What does the pandemic mean for financial gifts to children?

One of the goals we see from our clients is the desire to help younger generations out financially. Before the start of the Covid-19 pandemic, nearly a quarter of people prioritised the provision of financial support for younger generations.  New research has shown that a third of people now view this Financial Planning goal as a priority.

The survey, from Hodge Bank, found that the Covid-19 pandemic has resulted in more people wanting to help their children and grandchildren. They found that 31% of those questioned said giving a financial gift to the younger generations is more important to them since the Covid-19 outbreak. Before the pandemic, 23% said it was a priority.

Despite the economic impact of the pandemic, it appears that the ‘Bank of Mum and Dad’ is still open for business.
The research found that parents are responsible for 72% of all financial gifts, but these gifts to the next generation can come from all parts of the family, including children and siblings.

The survey also found that a third of people have received a financial gift from family, with 25 to 34-year-olds most likely to be on the receiving end of a family financial gift.

The most popular reason for gifting money to family was a special occasion; a quarter of financial gifts were given for weddings and birthdays, with 11% of gifts to help with big purchases, including cars and houses. Almost one in five have received a gift to help them with their day-to-day finances, and 14% used the financial gift to pay off debt.

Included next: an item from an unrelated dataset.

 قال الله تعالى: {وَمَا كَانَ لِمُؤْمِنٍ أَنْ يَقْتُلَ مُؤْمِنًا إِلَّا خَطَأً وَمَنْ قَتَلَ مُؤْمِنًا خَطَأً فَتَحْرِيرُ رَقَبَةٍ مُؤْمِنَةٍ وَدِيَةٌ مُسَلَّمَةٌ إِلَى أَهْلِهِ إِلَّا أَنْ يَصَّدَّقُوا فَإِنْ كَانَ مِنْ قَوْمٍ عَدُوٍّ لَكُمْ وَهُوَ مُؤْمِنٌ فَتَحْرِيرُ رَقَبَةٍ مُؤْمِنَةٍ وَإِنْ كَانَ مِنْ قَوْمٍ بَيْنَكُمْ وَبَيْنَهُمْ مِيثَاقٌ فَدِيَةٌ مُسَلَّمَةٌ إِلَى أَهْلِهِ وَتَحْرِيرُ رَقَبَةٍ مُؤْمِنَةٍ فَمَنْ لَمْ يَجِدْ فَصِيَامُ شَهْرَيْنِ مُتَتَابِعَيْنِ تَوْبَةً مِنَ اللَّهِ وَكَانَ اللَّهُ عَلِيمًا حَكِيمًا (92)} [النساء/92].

Emma Graham, Business Development Director at Hodge, said of the research:

“Our study showed that, as a nation, we all want to help our family out when it comes to money. And whilst we all think of the Bank of Mum and Dad or Gran and Grandad as a traditional source, we were surprised to see that 14% of brothers and sisters are also helping out.”

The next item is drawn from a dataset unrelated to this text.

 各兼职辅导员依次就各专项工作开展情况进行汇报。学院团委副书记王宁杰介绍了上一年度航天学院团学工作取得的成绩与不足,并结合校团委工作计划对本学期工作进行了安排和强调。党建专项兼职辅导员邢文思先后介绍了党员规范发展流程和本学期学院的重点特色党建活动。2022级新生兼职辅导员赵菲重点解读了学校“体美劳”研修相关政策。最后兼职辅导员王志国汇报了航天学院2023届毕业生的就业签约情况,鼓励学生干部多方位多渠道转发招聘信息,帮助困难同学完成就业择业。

Elsewhere in the study, 40% of those receiving gifts said they expect to pay their parents back, but this intention fell to 28% when the gift came from grandparents. When speaking to the donor, 26% said they expected to be paid back, but only 15% of grandparents thought their money would be repaid.

Emma continued:

“It’s clear that families feel strongly about offering financial support to each other if they are able and this has increased since the Covid pandemic. Before Covid, 23% of people prioritised helping their families out financially in the next five years. Since the Covid-19 outbreak that has increased to a third of people saying helping a family member financially had become more important.

“So, it is clear that the Covid-19 lockdown and subsequent predicted economic downturn, has led to more families looking to share wealth to help younger children or grandchildren during this difficult time.”